(What is required): Please reproduce, exactly as given, the lines running from the start of the data to the line containing "Deze slaapkamer ligt", inclusive, and omit the pictures.

(Data):
········
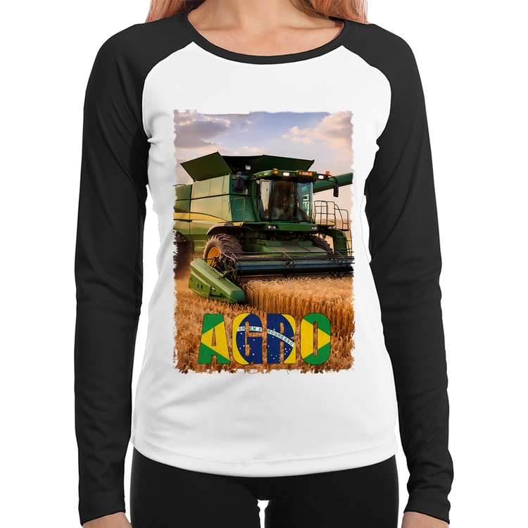 A Baby Look Raglan Colheitadeira Agro Brasil Rural Manga Longa é confeccionada em tecido 100% Poliéster com gola redonda viés na cor preta, costura simples e modelagem com caimento acinturado. A estampa do tema "Agro" é feita através do processo Sublimação. Produto ideal para quem busca fidelidade da estampa e ótimo custo-benefício, a estampa não desbota nem quebra.
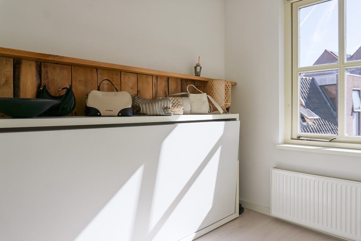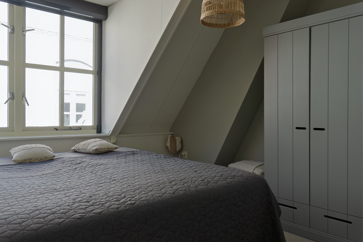 Deze slaapkamer ligt aan de achterzijde van de woning en door het raam kijk je op de Peperbus. De afwerking van deze slaapkamer is gelijk aan die van slaapkamer 1.
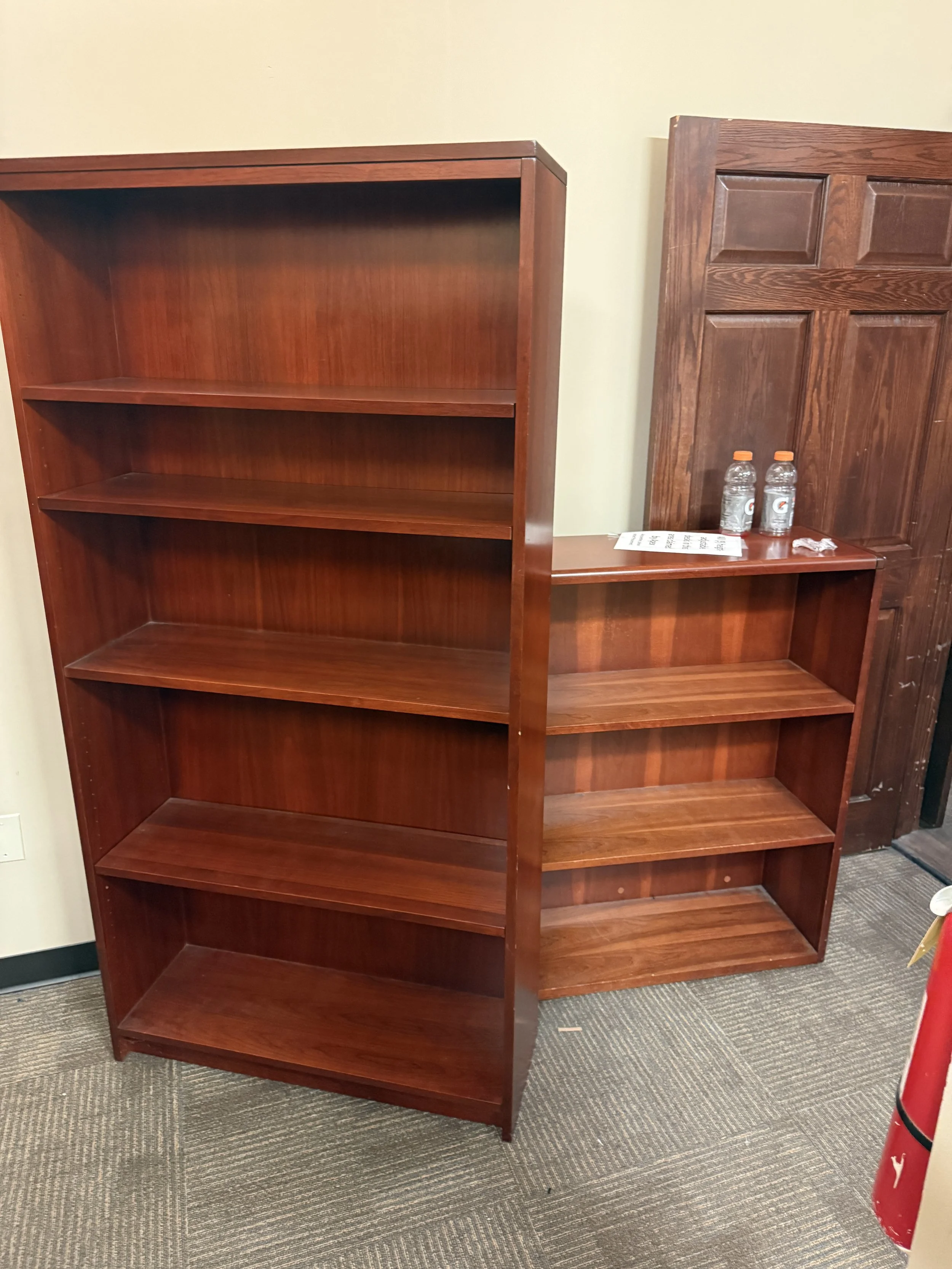 Two wooden bookshelves in an office or storage room, one in the foreground and one in the background, with a beige wall and a fire extinguisher partially visible.
········
(Output for this exercise):
 A Baby Look Raglan Colheitadeira Agro Brasil Rural Manga Longa é confeccionada em tecido 100% Poliéster com gola redonda viés na cor preta, costura simples e modelagem com caimento acinturado. A estampa do tema "Agro" é feita através do processo Sublimação. Produto ideal para quem busca fidelidade da estampa e ótimo custo-benefício, a estampa não desbota nem quebra.
 Deze slaapkamer ligt aan de achterzijde van de woning en door het raam kijk je op de Peperbus. De afwerking van deze slaapkamer is gelijk aan die van slaapkamer 1.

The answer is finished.